**DESCRIPTION OF THE TASK:** Word for word, restate the entries below, but exclude the images.

**DATA SUPPLIED:**

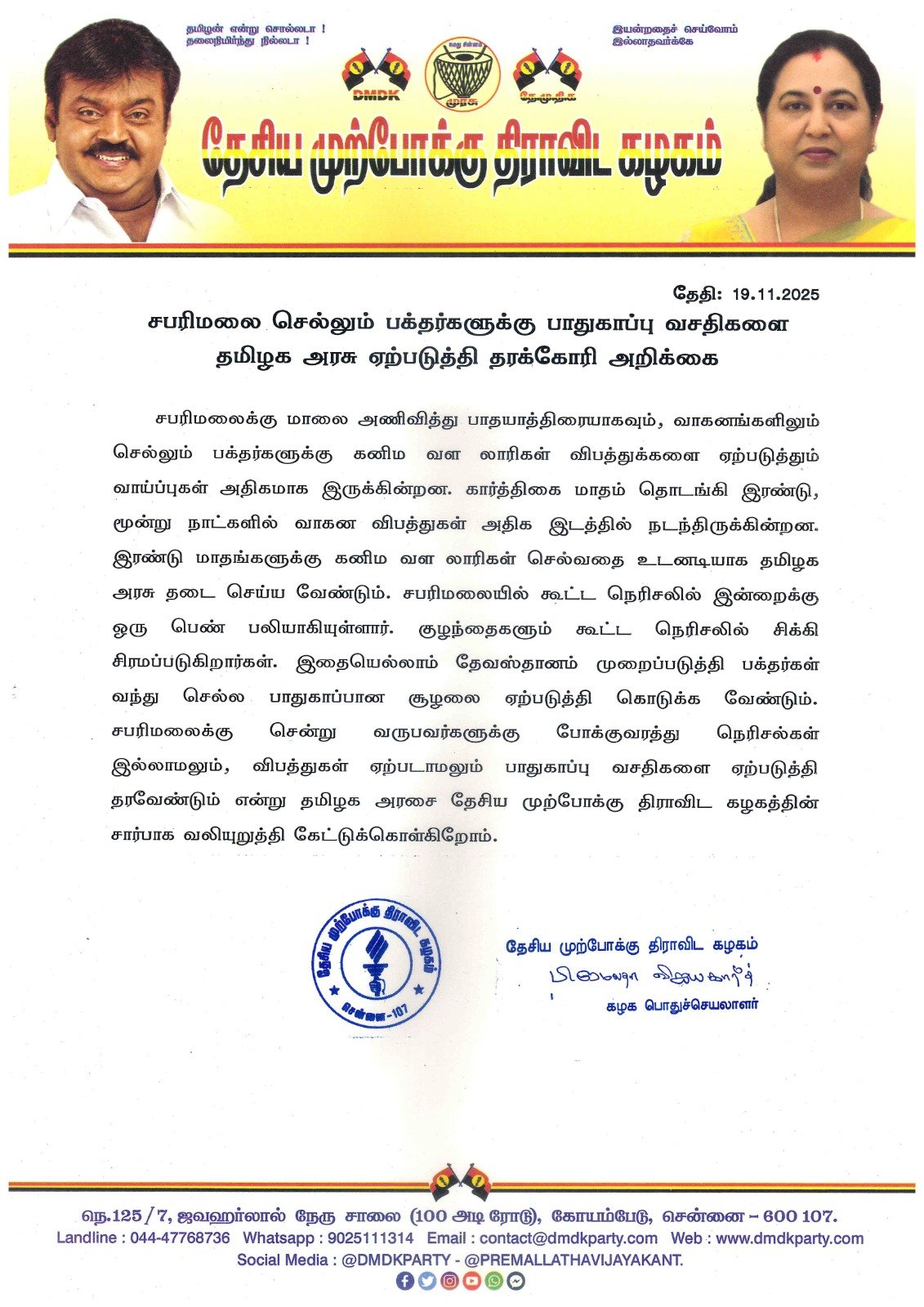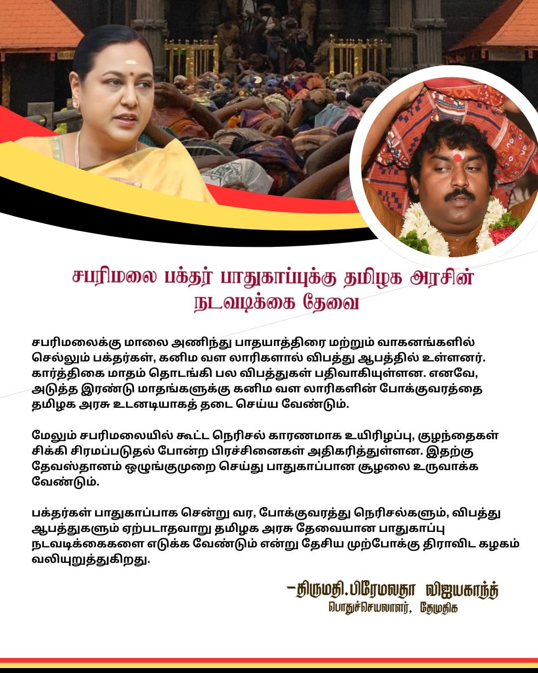 சபரிமலைக்கு மாலை அணிவித்து பாதயாத்திரையாகவும், வாகனங்களிலும் செல்லும் பக்தர்களுக்கு கனிம வள லாரிகள் விபத்துக்களை ஏற்படுத்தும் வாய்ப்புகள் அதிகமாக இருக்கின்றன. கார்த்திகை மாதம் தொடங்கி இரண்டு, மூன்று நாட்களில் வாகன விபத்துகள் அதிக இடத்தில் நடந்திருக்கின்றன. இரண்டு மாதங்களுக்கு கனிம வள லாரிகள் செல்வதை உடனடியாக தமிழக அரசு தடை செய்ய வேண்டும். சபரிமலையில் கூட்ட நெரிசலில் இன்றைக்கு ஒரு பெண் பலியாகியுள்ளார். குழந்தைகளும் கூட்ட நெரிசலில் சிக்கி சிரமப்படுகிறார்கள். இதையெல்லாம் தேவஸ்தானம் முறைப்படுத்தி பக்தர்கள் வந்து செல்ல பாதுகாப்பான சூழலை ஏற்படுத்தி கொடுக்க வேண்டும். சபரிமலைக்கு சென்று வருபவர்களுக்கு போக்குவரத்து நெரிசல்கள் இல்லாமலும், விபத்துகள் ஏற்படாமலும் பாதுகாப்பு வசதிகளை ஏற்படுத்தி தரவேண்டும் என்று தமிழக அரசை தேசிய முற்போக்கு திராவிட கழகத்தின் சார்பாக வலியுறுத்தி கேட்டுக்கொள்கிறோம்.
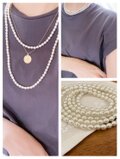 ショートの普段使いに慣れるといろんな長さに挑戦したくなりますが、ワンピースやシャツ、タートルネックなどにリラックスした雰囲気にプラスしてエレガントな大人のスタイルに持っていて損はないおすすめのパールネックレスです!
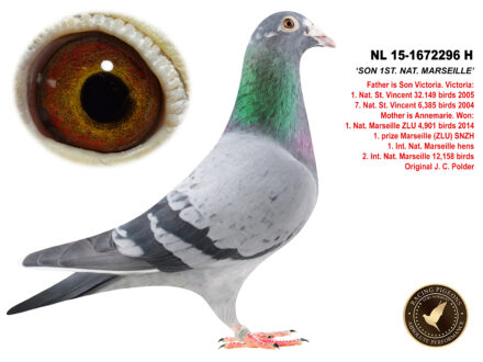 Norbert Tűri. Father: Original Yves Van De Poel. Blood line from: Red Ace: 1. Nat. Ace KBDB Extreme long distance 2016. Peggy: 1st Nat. Ace KBDB Extreme Long distance 2011. Poco Barcelona: 1st Nat. Barcelona Pipa Ace pigeon '19 5th Nat. Barcelona 7.301p. 2019 11th Int. Barcelona 16.051p. 2019 Miss Perpignan: 1st Nat. Perp. 4.191p. 2016 1st Nat. Perp. 2.915 hens 2016 3. Int. Perp. 12.698p. 2016 Mother blood line from: Annemarie: 1. Nat. Marseille ZLU 4,901 p '14 1st prize Marseille (ZLU) SNZH 1st Int. Nat. Marseille hens 2. Int. Nat. Marseille 12,158 p. Victoria: 1st Nat. St. Vincent 32,149 p '05 7th Nat. St. Vincent (S2) 6,385 p '04 New Remy: 1st Nat. Barcelona 8,764 p '14
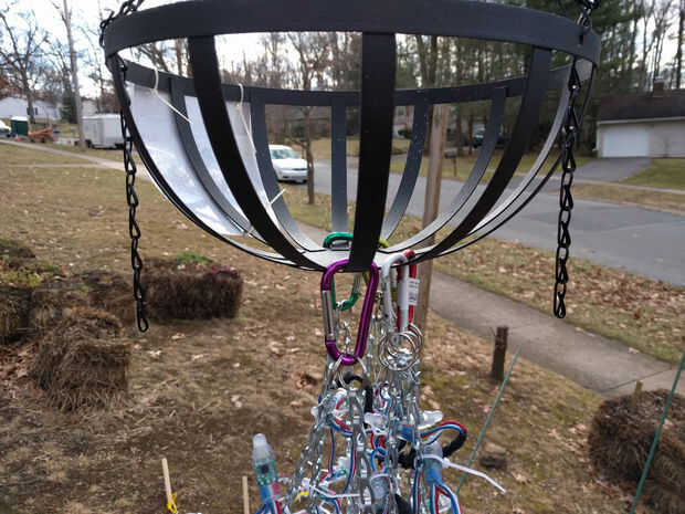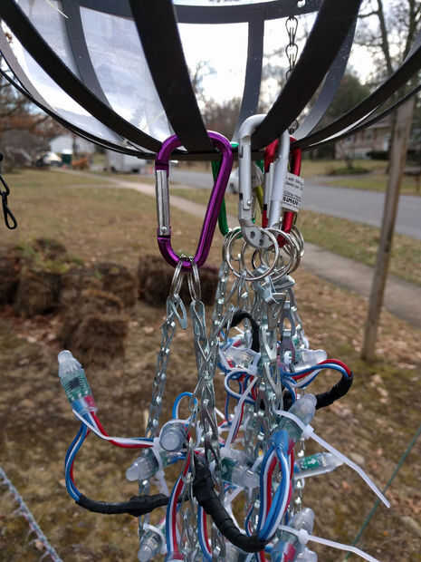 Las cuerdas tienen Llavero anillos en los extremos y luego pequeños mosquetones de enganche para el ancla de tierra y un soporte en la parte superior. Al principio, nos ató las copas todos juntos en un pequeño espacio, pero la parte superior tiene muy confusa y difícil de desenredar. Me pareció una cesta colgante barato una solución ideal para la parte superior, ya que da una distancia angular limpia y automática para cada cuerda. Un par de 50 cadenas de LED puede colocarse con sus extremos de unos 500mm aparte, y los conectores de alimentación permiten unos 500mm entre cada par. Sobre todo, los fondos de los LEDS están en aproximadamente un radio de 1200mm/4 pies.
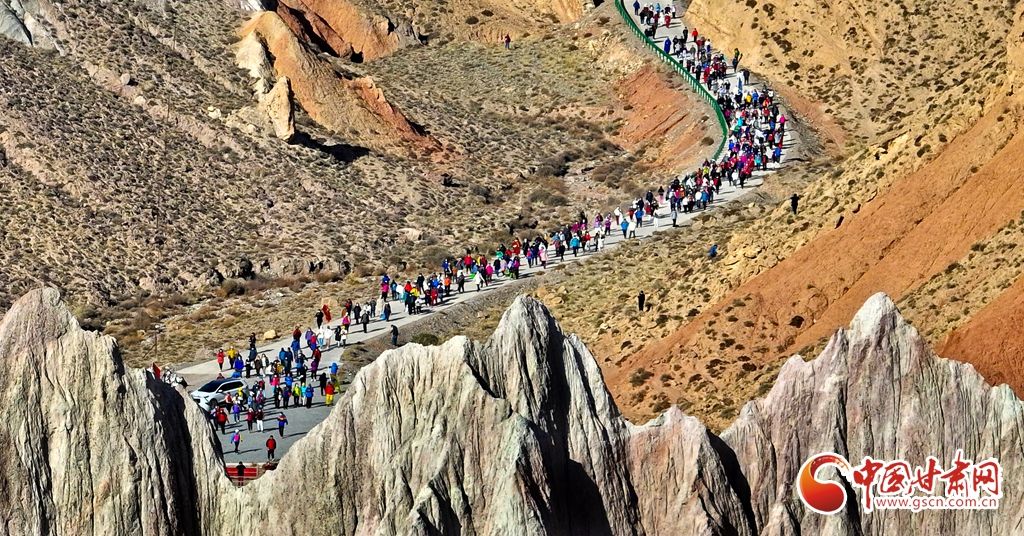 11月11日,1000多名群众在甘肃省张掖市肃南裕固族自治县外星谷景区徒步穿越,在领略大自然鬼斧神工的同时强健体魄。
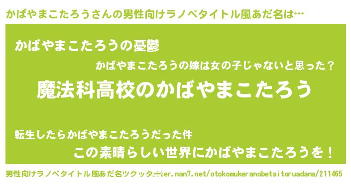 | 女子向けラノベタイトル風あだ名 | 『かばやまこたろうなんてお断りですっ。』 |

**ANSWER BOX:**
 சபரிமலைக்கு மாலை அணிவித்து பாதயாத்திரையாகவும், வாகனங்களிலும் செல்லும் பக்தர்களுக்கு கனிம வள லாரிகள் விபத்துக்களை ஏற்படுத்தும் வாய்ப்புகள் அதிகமாக இருக்கின்றன. கார்த்திகை மாதம் தொடங்கி இரண்டு, மூன்று நாட்களில் வாகன விபத்துகள் அதிக இடத்தில் நடந்திருக்கின்றன. இரண்டு மாதங்களுக்கு கனிம வள லாரிகள் செல்வதை உடனடியாக தமிழக அரசு தடை செய்ய வேண்டும். சபரிமலையில் கூட்ட நெரிசலில் இன்றைக்கு ஒரு பெண் பலியாகியுள்ளார். குழந்தைகளும் கூட்ட நெரிசலில் சிக்கி சிரமப்படுகிறார்கள். இதையெல்லாம் தேவஸ்தானம் முறைப்படுத்தி பக்தர்கள் வந்து செல்ல பாதுகாப்பான சூழலை ஏற்படுத்தி கொடுக்க வேண்டும். சபரிமலைக்கு சென்று வருபவர்களுக்கு போக்குவரத்து நெரிசல்கள் இல்லாமலும், விபத்துகள் ஏற்படாமலும் பாதுகாப்பு வசதிகளை ஏற்படுத்தி தரவேண்டும் என்று தமிழக அரசை தேசிய முற்போக்கு திராவிட கழகத்தின் சார்பாக வலியுறுத்தி கேட்டுக்கொள்கிறோம்.
 ショートの普段使いに慣れるといろんな長さに挑戦したくなりますが、ワンピースやシャツ、タートルネックなどにリラックスした雰囲気にプラスしてエレガントな大人のスタイルに持っていて損はないおすすめのパールネックレスです!
 Norbert Tűri. Father: Original Yves Van De Poel. Blood line from: Red Ace: 1. Nat. Ace KBDB Extreme long distance 2016. Peggy: 1st Nat. Ace KBDB Extreme Long distance 2011. Poco Barcelona: 1st Nat. Barcelona Pipa Ace pigeon '19 5th Nat. Barcelona 7.301p. 2019 11th Int. Barcelona 16.051p. 2019 Miss Perpignan: 1st Nat. Perp. 4.191p. 2016 1st Nat. Perp. 2.915 hens 2016 3. Int. Perp. 12.698p. 2016 Mother blood line from: Annemarie: 1. Nat. Marseille ZLU 4,901 p '14 1st prize Marseille (ZLU) SNZH 1st Int. Nat. Marseille hens 2. Int. Nat. Marseille 12,158 p. Victoria: 1st Nat. St. Vincent 32,149 p '05 7th Nat. St. Vincent (S2) 6,385 p '04 New Remy: 1st Nat. Barcelona 8,764 p '14
 Las cuerdas tienen Llavero anillos en los extremos y luego pequeños mosquetones de enganche para el ancla de tierra y un soporte en la parte superior. Al principio, nos ató las copas todos juntos en un pequeño espacio, pero la parte superior tiene muy confusa y difícil de desenredar. Me pareció una cesta colgante barato una solución ideal para la parte superior, ya que da una distancia angular limpia y automática para cada cuerda. Un par de 50 cadenas de LED puede colocarse con sus extremos de unos 500mm aparte, y los conectores de alimentación permiten unos 500mm entre cada par. Sobre todo, los fondos de los LEDS están en aproximadamente un radio de 1200mm/4 pies.
 11月11日,1000多名群众在甘肃省张掖市肃南裕固族自治县外星谷景区徒步穿越,在领略大自然鬼斧神工的同时强健体魄。
 | 女子向けラノベタイトル風あだ名 | 『かばやまこたろうなんてお断りですっ。』 |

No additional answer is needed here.